(CE: 194a-226a) 
Atrium. An atrium is an approximately square courtyard surrounded on four or at least three sides by porticoes. It was the chief interior court of a Roman house, as a peristyle was in a Greek house. An atrium served as an entrance court in many early Christian churches and continued in use in the West until about 1000, although it was seldom used in Egypt.
The atrium lies in front of the western end of the church and usually matches it in width. A well (kantharos) was often built in the center to be used for the ritual washings, particularly of the hands, that were customary there, at least in the early period. In addition, the porticoes offered protection from the rain and sun. Members of the congregation repenting of grievous sins were restricted to the atrium.

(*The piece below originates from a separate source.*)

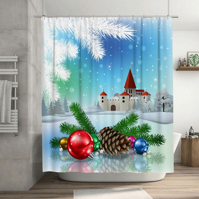 TU Winter Holiday Shower Curtain Festive Christmas Forest Deer Reindeer Elk Bathroom Decor Waterproof Holiday Home Decor Gift
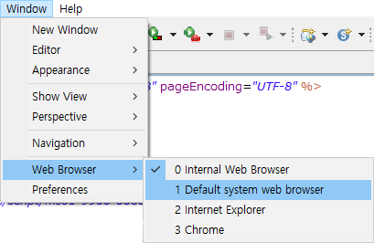 상단메뉴바의 「Window」 ⇒ 「Web Browser」 ⇒ 원하는 웹 브라우저 선택

No rules governed the formation of the porticoes. Normally they were the same on all four sides, although Basilica A of Nea Anchialus has one curved portico (Soteriou, 1931, pp. 36-39). Sometimes the east portico, fronting on the church, has a more elaborate elevation or a different arrangement of columns because it forms part of the church facade. In such instances the church often has no proper narthex (see below) because its function as an entrance is served by the east portico. Conversely, sometimes if the church has a narthex, there is no east portico. Hagia Sophia in Constantinople has both a narthex and a distinctive east portico (Stube, 1973, pp. 33-39).

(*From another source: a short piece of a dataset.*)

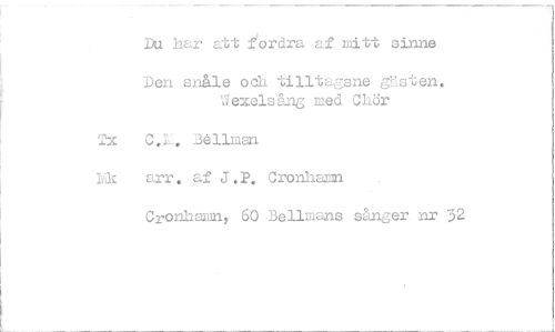 //// Du har att fordra af mitt sinne //// Den snåle och tilltagsne gsten. Wexelsåns med Chör //// Tx C.L. Bellman //// Lilc arr, af J.P. 0ronhamn //// Cronhamn, 60 Bellmans sånger nr 32 ////

It is surprising that few Egyptian churches had atria, since similar courts were common in pharaonic temples, such as those in Luxor, MADINAT HABU, and IDFU, and there was no hesitation about adapting temple structure to church architecture. The only church atria so far known in Egypt are in the East Church and the North Basilica in ABU MINA, buildings that are to be ranked with imperial architecture rather than local building. These atria have porticoes on three or four sides. Synesius (1612, epistle 121, p. 258B) mentions some further examples. Otherwise only the great church of al-ASHMUNAYN (Hermopolis Magna) presents an atrium, but it has a form very much of its own. Instead of conforming with the axis of the church, it is divided into four sections, like a garden, by two-sided open porticoes. Evidently Egyptians preferred courts of optional form and plan that were only generally coordinated with the church. Examples are several churches in ANSINA and ANTINOOPOLIS (Mitchell, 1982, pp. 171-79). Presumably the great central court in the pilgrim center of ABU MINA had a similar significance.